My first thought is that given how pdptw problems are formulated in OR Tools, you'd basically have to create dummy destination nodes for every item-transithub pair, and then dummy pickup nodes for evvery item-transithub pair. That could be a lot of nodes.

Then I'd collect the dummy transit hubs for each item and put them together in a disjunction with zero penalty for dropping.

Then I'd maybe play with expanding the pickup and delivery API calls to include the dummy node delivery and dummy node pickup for each item, reversing the sense of the pickup and delivery API call.

All together, my guess is that formulation would not end up with a solution that I want.

My guess is that the solutions generated would tend to avoid transit hubs as much as possible, as they generate longer routes.

My guess is that transit hubs exist not because they create more efficient delivery routes, but because they are easier for people to use to generate efficient routes, as well as to optimize staffing etc. A person can't solve a large scale NP Hard problem, but it isn't so bad to reason out an acceptable solution for making deliveries from a transit hub to a local area. Plus the drivers probably prefer sticking to known areas, because they learn the ins and outs of the area and get more efficient on their own.

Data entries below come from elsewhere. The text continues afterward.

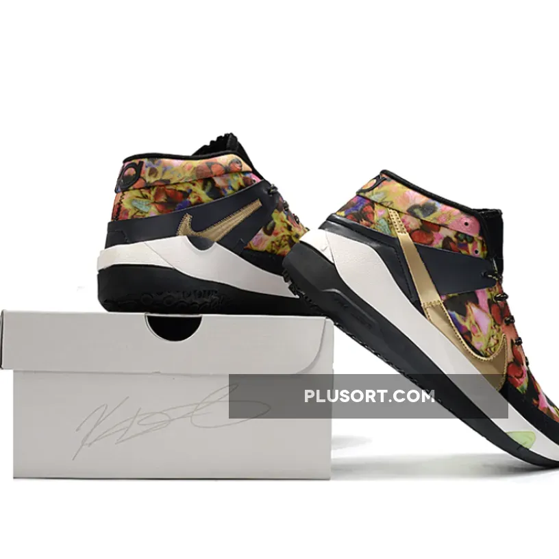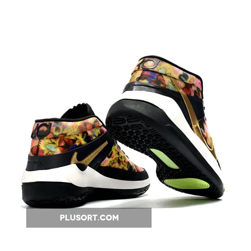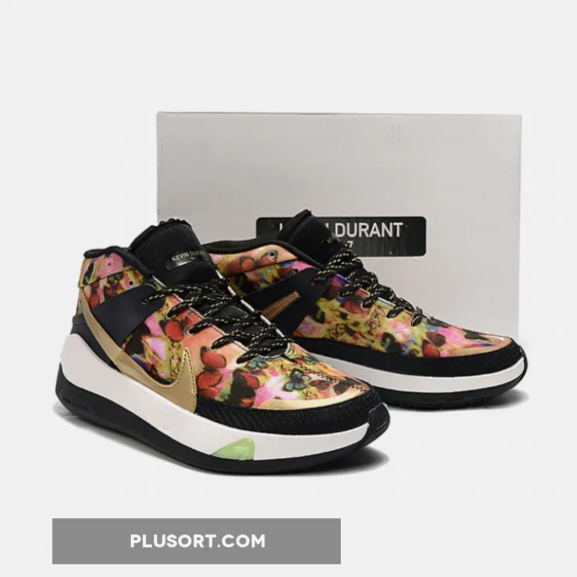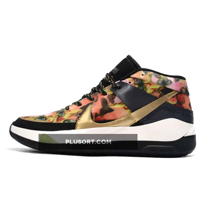 This Nike KD 13 is inspired by the pump-up playlist that activates his clutch mindset, the KD13 ‘Hype’ gives a nod to hip-hop culture and fashion with gold chain and flower graphics on the upper.
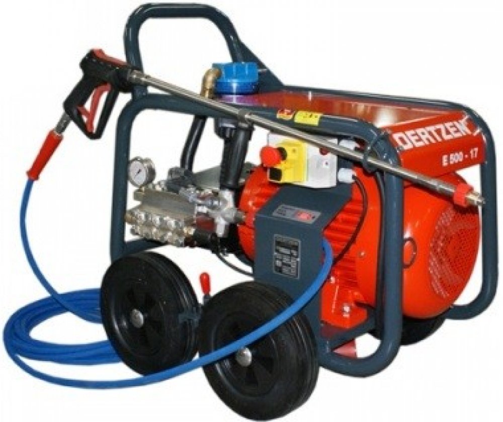 Profesionální robustní vysokotlaký stroj v pevném ocelovém rámu na podvozku s pracovním tlakem 500 Barů a množstvím vody 1.020 l/hod (17 l/min). Čisticí stroj vhodný pro těžkou práci, jako např. čištění fasád, sanace betonu, komunální služby apod.
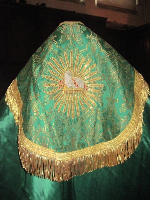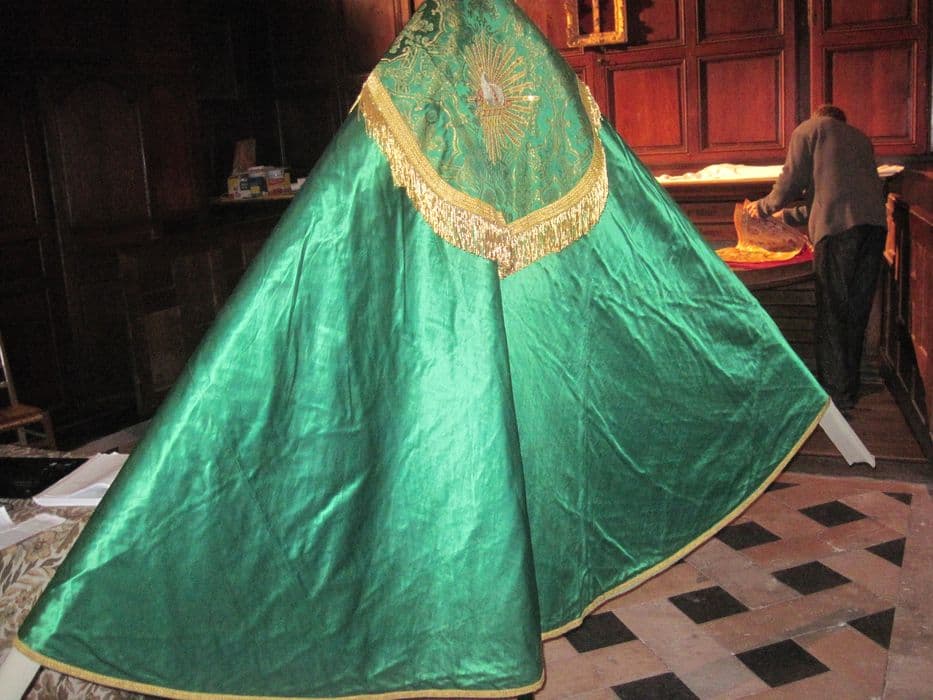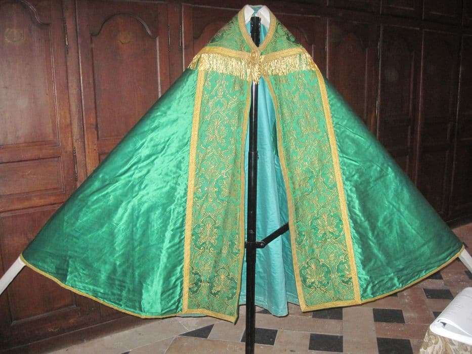 Chape fond satin vert ; orfrois damas vert et or ; capuchon broderie guipure fils métalliques agneau.
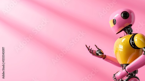 © Arfin, Obraz premium Pink and Yellow Robot Figure Against Soft Pink Background Reaching Out
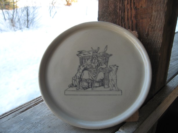Here is a precious medium plate with Odin on his throne.  He is holding Gungnir (his spear) and surrounded by animals because in Norse Mythology he is often attributed with shape shifting abilities into animal forms.
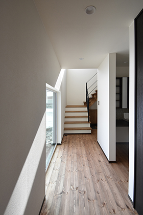 西面道路側には、水回りの部屋を集約させ、南面道路からはしっかりと距離をとって
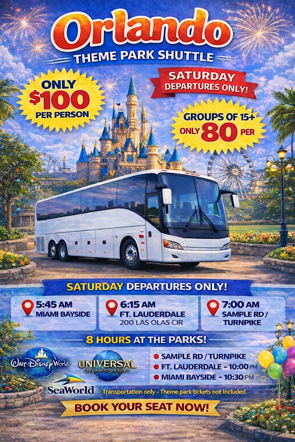 Orlando Theme Park Shuttle | Round Trip from Miami Bayside
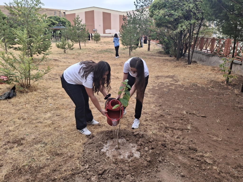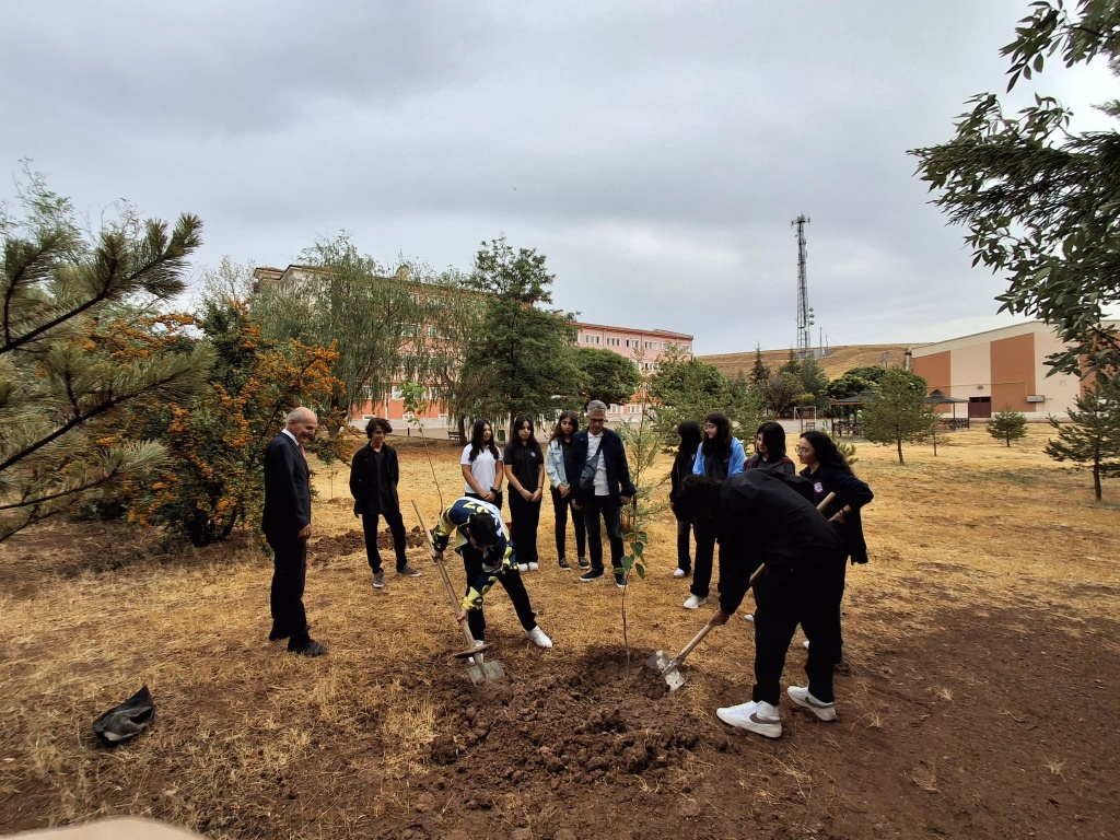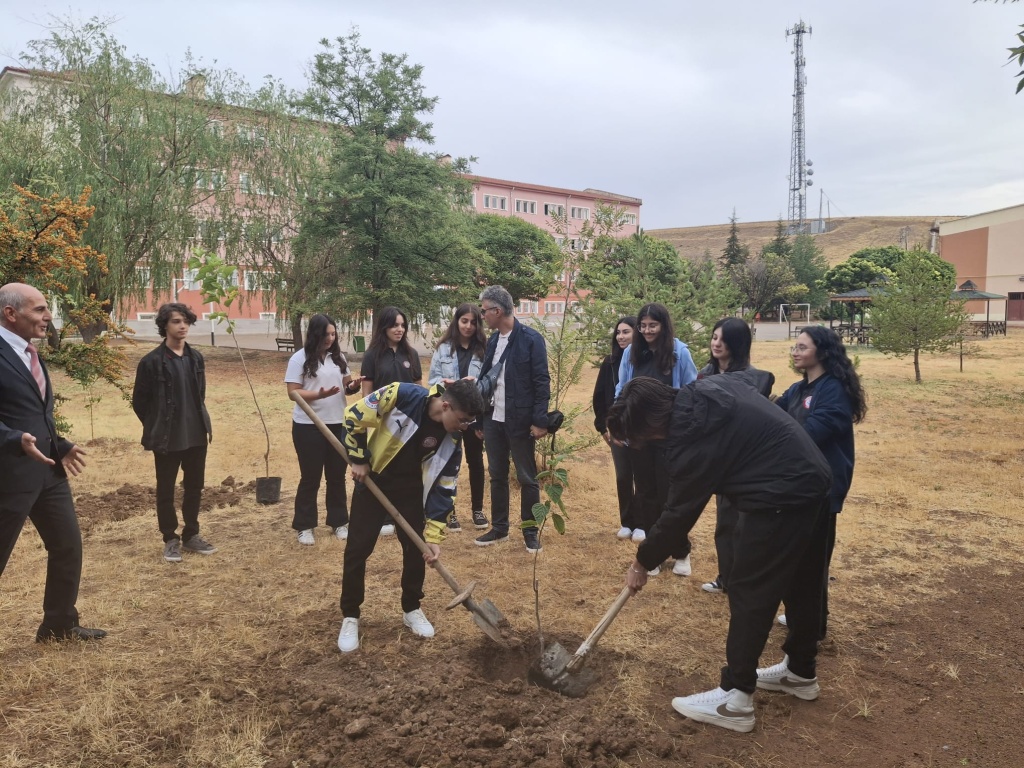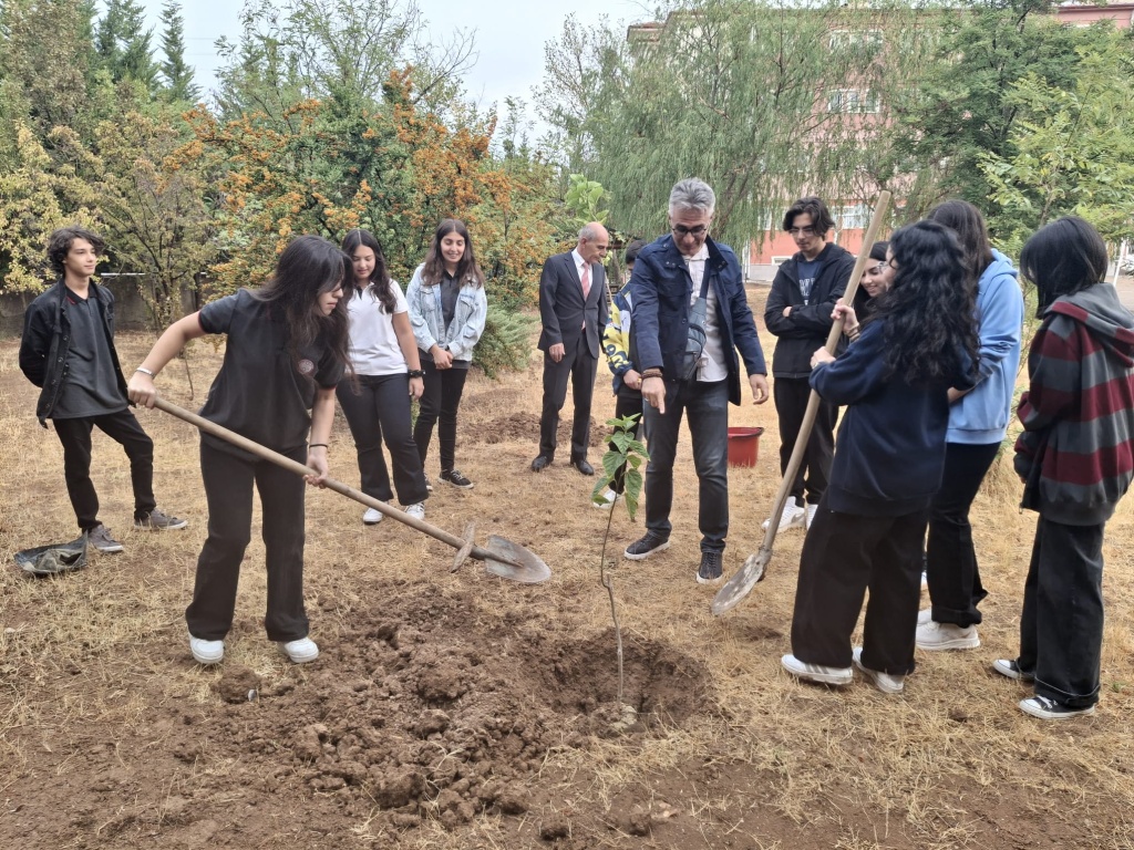 Etkinlik kapsamında, Coğrafya Öğretmenimiz Erhan CÖNGER ve Okul Müdürü Yalçın KEÇİCİ refakatinde öğrencilerimizin katılımıyla okul bahçesine meyve fidanları dikilmiştir.. Böylece öğrencilerimizin çevre bilincinin geliştirilmesi ve doğaya karşı sorumluluk duygusunun pekiştirilmesi amaçlanmıştır.

So the trick is going to be figuring out exactly why the transit hubs are desirable, and coding those reasons into your formulation.

As an example, suppose the transit hubs are really break bulk depots, and you have large capacity trucks doing line haul, and then small delivery vans/cargo bicycles doing the last mile deliveries. Then the transit hub dummies only have to be one or two per item, picking the transit hub(s) closest to the destination. The final delivery nodes I'd restrict to being serviceable only by my local vehicle fleet.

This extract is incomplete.